**Data below:**
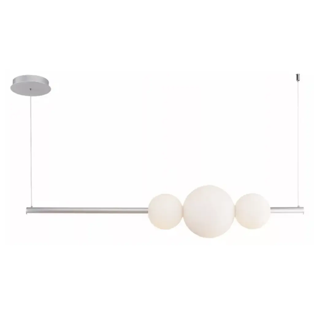 The ORB Triple Linear Suspension from Abra is a tone-setting piece connecting a charming bubble-like cluster with a piercing linear array. A minimalist setup from top to bottom makes it ideal in the refined setting. It enhances the spaciousness of the room by extending a wide LED array. This array slots under the bold steel crossbar to produce an encompassing down glow. The down glow pours into opal glass globe shades, filling them up with a golden hue. By playing with different sizes and asymmetry along the crossbar, the globes help break up the uniformity of the room’s architectural lines.
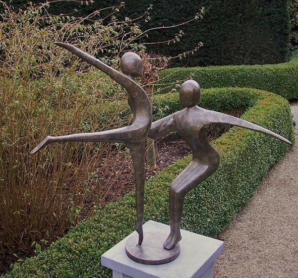 Mooi beeld van een abstract danskoppel van hoogwaardig brons met een minimale kopergehalte van 75% waardoor een zeer lange levensduur gegarandeerd is.
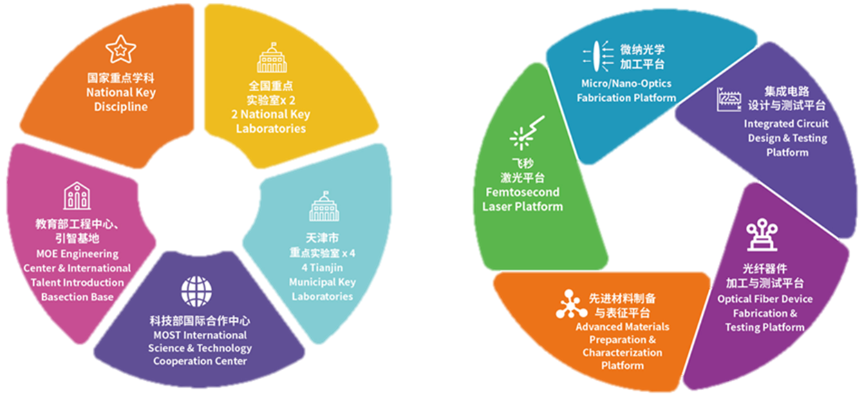 拥有光学工程国家重点学科,参建材料科学与工程国家一流学科,同时学院拥有2个全国重点实验室、1个教育部引智基地、1个教育部工程研究中心、1个科技部国际科技合作基地等高水平科研平台。现有建筑面积超过30000m² 面积,5个开放共享仪器平台价值超过4亿元,工程学全球ESI排名进入前1‰(千分之一)。
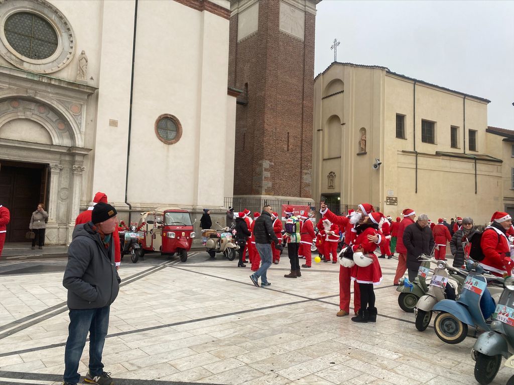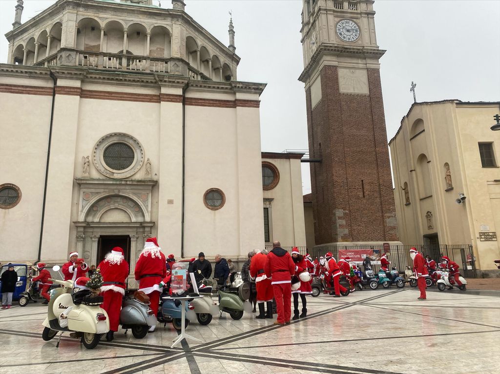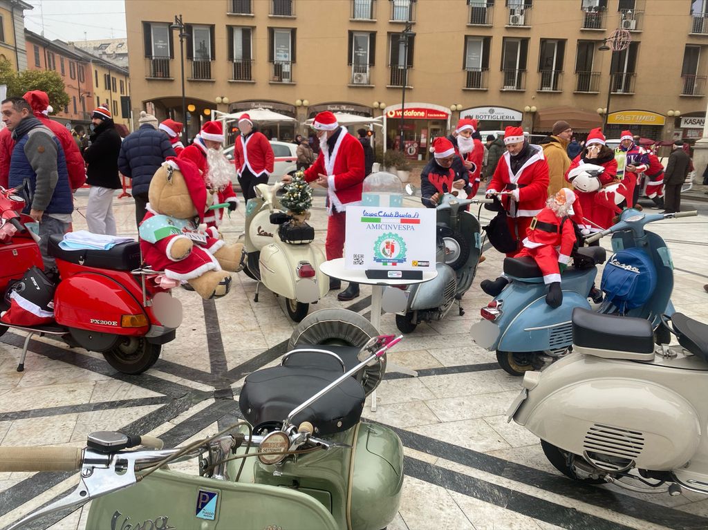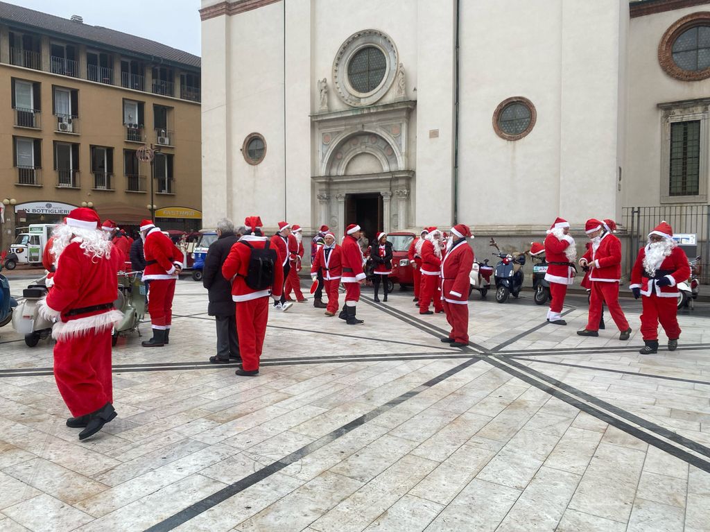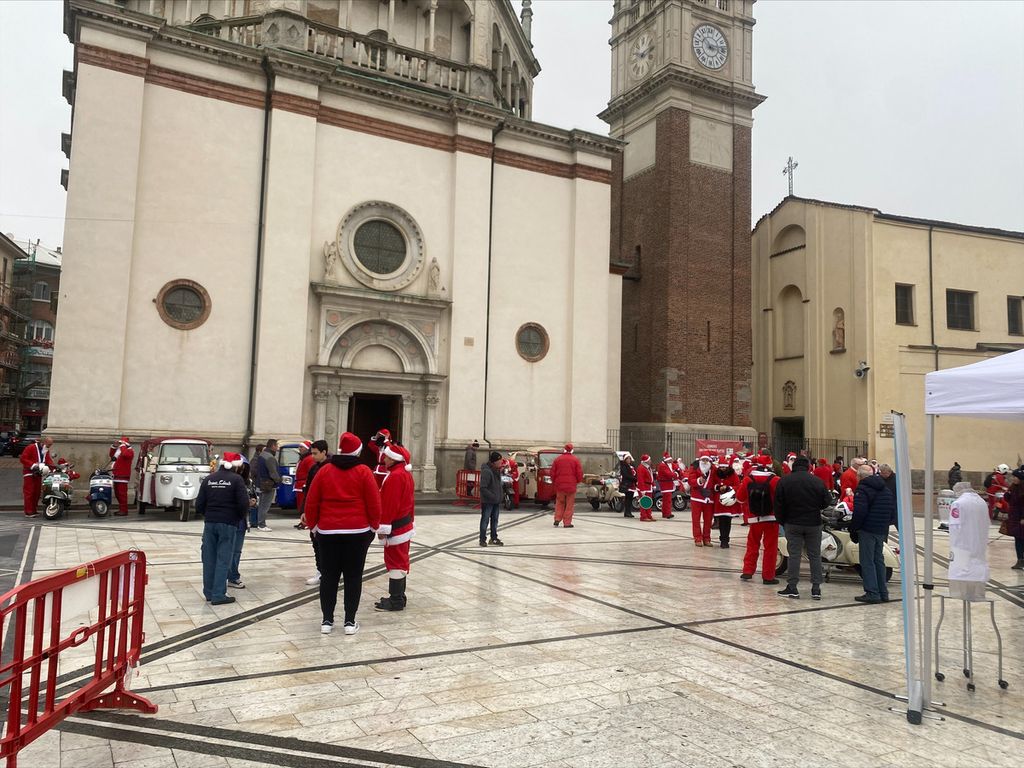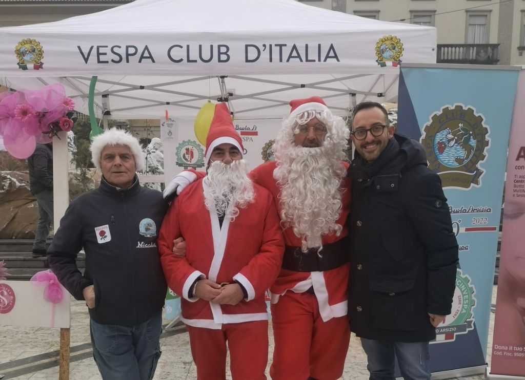 In una mattinata grigia, come quella di oggi, gli Amicinvespa del Vespa Club Busto Arsizio vestiti da Babbo Natale hanno portato un po’ di colore in pazza Santa Maria. Un evento patrocinato dal Comune di Busto Arsizio e con lo scopo di raccogliere fondi da donare a due associazioni della città: Casa Gialla e Caos.

**Problem statement:** The whole listing above, word for word: repeat it with the pictures excluded.

**Task solution:**
 The ORB Triple Linear Suspension from Abra is a tone-setting piece connecting a charming bubble-like cluster with a piercing linear array. A minimalist setup from top to bottom makes it ideal in the refined setting. It enhances the spaciousness of the room by extending a wide LED array. This array slots under the bold steel crossbar to produce an encompassing down glow. The down glow pours into opal glass globe shades, filling them up with a golden hue. By playing with different sizes and asymmetry along the crossbar, the globes help break up the uniformity of the room’s architectural lines.
 Mooi beeld van een abstract danskoppel van hoogwaardig brons met een minimale kopergehalte van 75% waardoor een zeer lange levensduur gegarandeerd is.
 拥有光学工程国家重点学科,参建材料科学与工程国家一流学科,同时学院拥有2个全国重点实验室、1个教育部引智基地、1个教育部工程研究中心、1个科技部国际科技合作基地等高水平科研平台。现有建筑面积超过30000m² 面积,5个开放共享仪器平台价值超过4亿元,工程学全球ESI排名进入前1‰(千分之一)。
 In una mattinata grigia, come quella di oggi, gli Amicinvespa del Vespa Club Busto Arsizio vestiti da Babbo Natale hanno portato un po’ di colore in pazza Santa Maria. Un evento patrocinato dal Comune di Busto Arsizio e con lo scopo di raccogliere fondi da donare a due associazioni della città: Casa Gialla e Caos.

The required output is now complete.